Il la regarde, ne voit rien si ce n'est une forme humaine noire et floue. Il ne fait pourtant pas nuit, la lueur d'un feu pas loin repousse les ténèbres ambiante, se contenant juste de faire un écart autour de ça. Le diable le scrute de ses yeux verts. Pas le vert bleu banal du commun des mortels, mais la riche couleur des feuilles en pleins soleil. A bien y regarder, quelques gouttes d'or flottent au milieu. Il voit un sourire félin remplir ces yeux. La chose semble ravie et roule des hanches de contentement. Son propre corps réagit, une montée du sang envoyant un signal à son aine, gonflant son sexe soigneusement fourré dans la chose. Il a bien compris ce qui se passe. Il a suffisamment de fois été à la place du bourreau pour en connaître le jugement. A dire vrai, il n'a jamais trouvé ça particulièrement intéressant. Son corps réagit bien sûr, bandant quand nécessaire, faisant son office à sa demande. Mais pour ce qui est du plaisir ... Disons que ce n'est pas spécialement le genre de choses qui l'intéresse. Il apprécie les corps de femmes, ceux de certains hommes aussi, mais l'intérêt ne dépasse jamais la barrière physique. Le minimum syndical et basta.

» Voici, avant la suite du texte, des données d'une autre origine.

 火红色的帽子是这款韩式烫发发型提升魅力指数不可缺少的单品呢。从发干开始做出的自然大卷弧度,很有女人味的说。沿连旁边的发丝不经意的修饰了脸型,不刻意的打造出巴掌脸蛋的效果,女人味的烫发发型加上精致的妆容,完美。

Le sourire se ternit et disparaît tout à fait des yeux de la chose. L'orage se lève, faisant tourbillonner les gouttes d'or. Dans un sifflement de rage, elle se relève et s'éloigne, drapée dans sa dignité outrée. Son sexe brutalement mis à l'air libre retombe dans un petit bruit humide, se racornissant rapidement.

- Tu ne me désires pas ! Gronde la chose

Butch hausse un sourcil. Elle est sérieuse ?

Son ignorance a la forme d'un crime de lèse-majesté.

- Tu me déçois mon amour, tu me déçois grandement !

- Où sommes-nous ?

Sa voix roule dans le silence tendu, grondante comme s'il n'avait pas ouvert la bouche depuis un long moment. La chose plisse les yeux, cherchant à le transpercer du poids de son regard. Manque de chance pour elle, il a déjà vu pire. Elle n'aura rien de lui.

- Tu n'as pas peur de moi, pourquoi ?

Il hausse les épaules. Que peut-il répondre à ça ? Qu'il s'en fou ? Qu'il a arrêté d'avoir peur de tout ? Qu'il fait semblant ? Il n'a pas de bonne réponse, du coup il se tait. La prédatrice commence sa ronde autour de lui. Il ne la suit pas des yeux, de toute manière s'il doit se passer quelque chose il ne pourra pas se défendre efficacement. Une petite gifle n'a jamais fait de mal à personne. Avant qu'elle ne sorte de son champ de vision, il note que la forme noire ondule, suit la chose comme un toutou fidèle. Ce qu'il a d'abords prit pour une matière dense ressemble plus à une cape, il ne voit pas de chair dépasser, mais il éloigne de son esprit le vague relent mystique qui a pu lui traverser l'esprit. Si dieu n'existe pas, alors le diable non plus.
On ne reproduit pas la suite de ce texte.